Note also that if one is relying on explicit locking to prevent concurrent changes, one should either use Read Committed mode, or in Repeatable Read mode be careful to obtain locks before performing queries. A lock obtained by a repeatable read transaction guarantees that no other transactions modifying the table are still running, but if the snapshot seen by the transaction predates obtaining the lock, it might predate some now-committed changes in the table. A repeatable read transaction's snapshot is actually frozen at the start of its first query or data-modification command (SELECT, INSERT, UPDATE, or DELETE), so it is possible to obtain locks explicitly before the snapshot is frozen.

13.5. 特別注意

有一些 DDL 命令，目前只有和的資料表重寫語法，並不是 MVCC 安全的。這意味著在清除或重寫提交之後，如果使用在提交 DDL 指令之前的快照，會使該資料表對於平行處理中的事務將顯示為空。對於在 DDL 指令開始之前沒有存取相關資料表的事務來說，這會是一個問題 - 任何已經這樣做的事務都將至少保存一個 ACCESS SHARE 資料表鎖，這會在該事務完成之前阻擋 DDL 指令。因此，這些指令不會使目標資料表的連續查詢中導致資料表內容的明顯不一致，但它們可能會導致目標資料表的內容與資料庫中的其他資料表之間出現可見的不一致。
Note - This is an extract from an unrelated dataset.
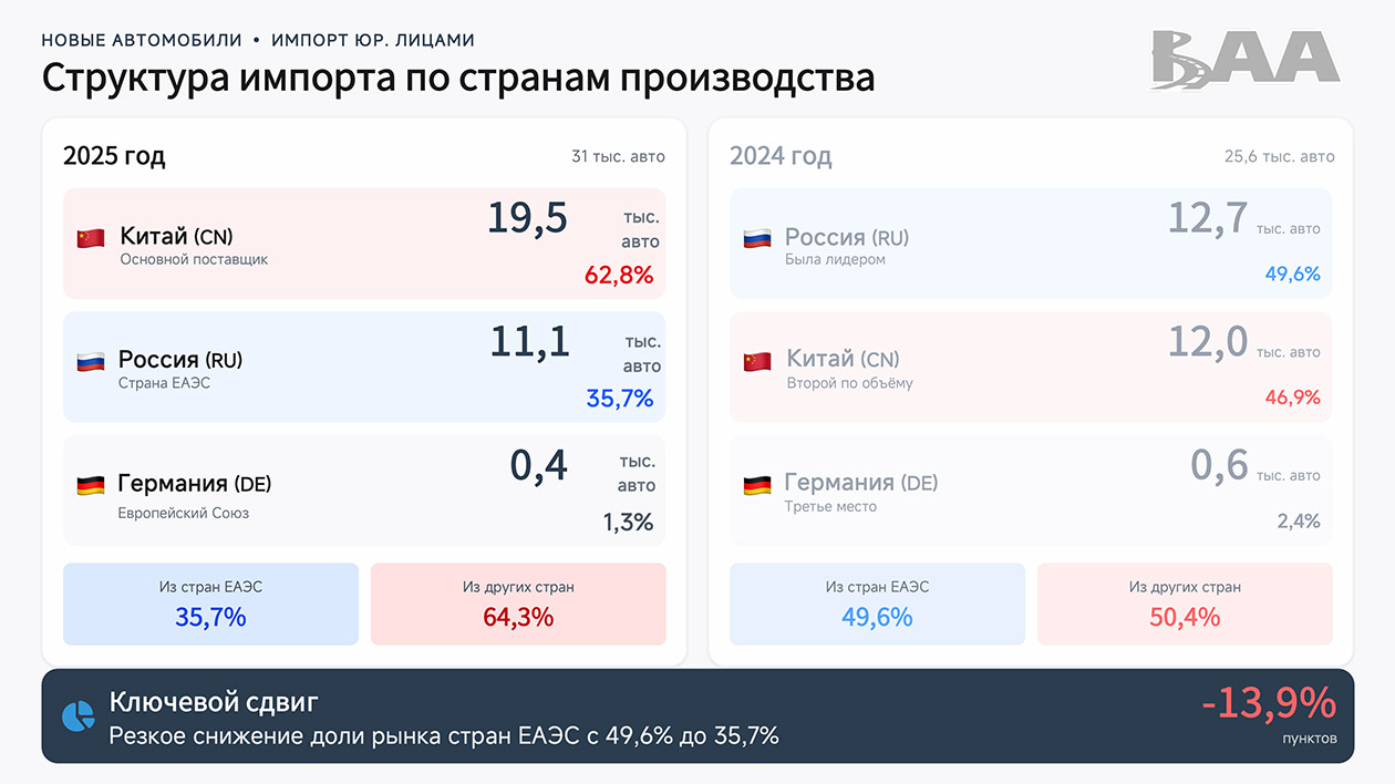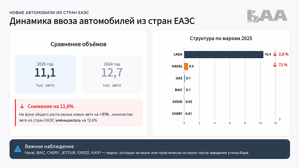 Официальная статистика БАА теперь базируется не только на данных участников ассоциации, но и на системе электронных паспортов транспортных средств (ЭПТС). Это новшество позволило учесть все поступающие на учёт автомобили, включая импортируемые физическими лицами, которые в 2025 году стали ключевыми игроками рынка.

尚未將對 Serializable 事務隔離等級的支援增加到 Hot Standby 複製目標（如中所述）。熱備份模式目前支援的最嚴格的隔離等級是 Repeatable Read。在主服務器上的 Serializable 事務中執行所有永久性資料庫寫操作時，將確保所有備用服務器最終能達到一致狀態，在備用服務器上執行的可重複讀事務處理有時會看到與任何串行執行的事務不一致的暫時狀態。

13.6. 鎖定與索引

Though PostgreSQL provides nonblocking read/write access to table data, nonblocking read/write access is not currently offered for every index access method implemented in PostgreSQL. The various index types are handled as follows:

B-tree, GiST and SP-GiST indexes

Short-term share/exclusive page-level locks are used for read/write access. Locks are released immediately after each index row is fetched or inserted. These index types provide the highest concurrency without deadlock conditions.

Hash indexes

Share/exclusive hash-bucket-level locks are used for read/write access. Locks are released after the whole bucket is processed. Bucket-level locks provide better concurrency than index-level ones, but deadlock is possible since the locks are held longer than one index operation.

GIN indexes

Short-term share/exclusive page-level locks are used for read/write access. Locks are released immediately after each index row is fetched or inserted. But note that insertion of a GIN-indexed value usually produces several index key insertions per row, so GIN might do substantial work for a single value's insertion.

Currently, B-tree indexes offer the best performance for concurrent applications; since they also have more features than hash indexes, they are the recommended index type for concurrent applications that need to index scalar data. When dealing with non-scalar data, B-trees are not useful, and GiST, SP-GiST or GIN indexes should be used instead.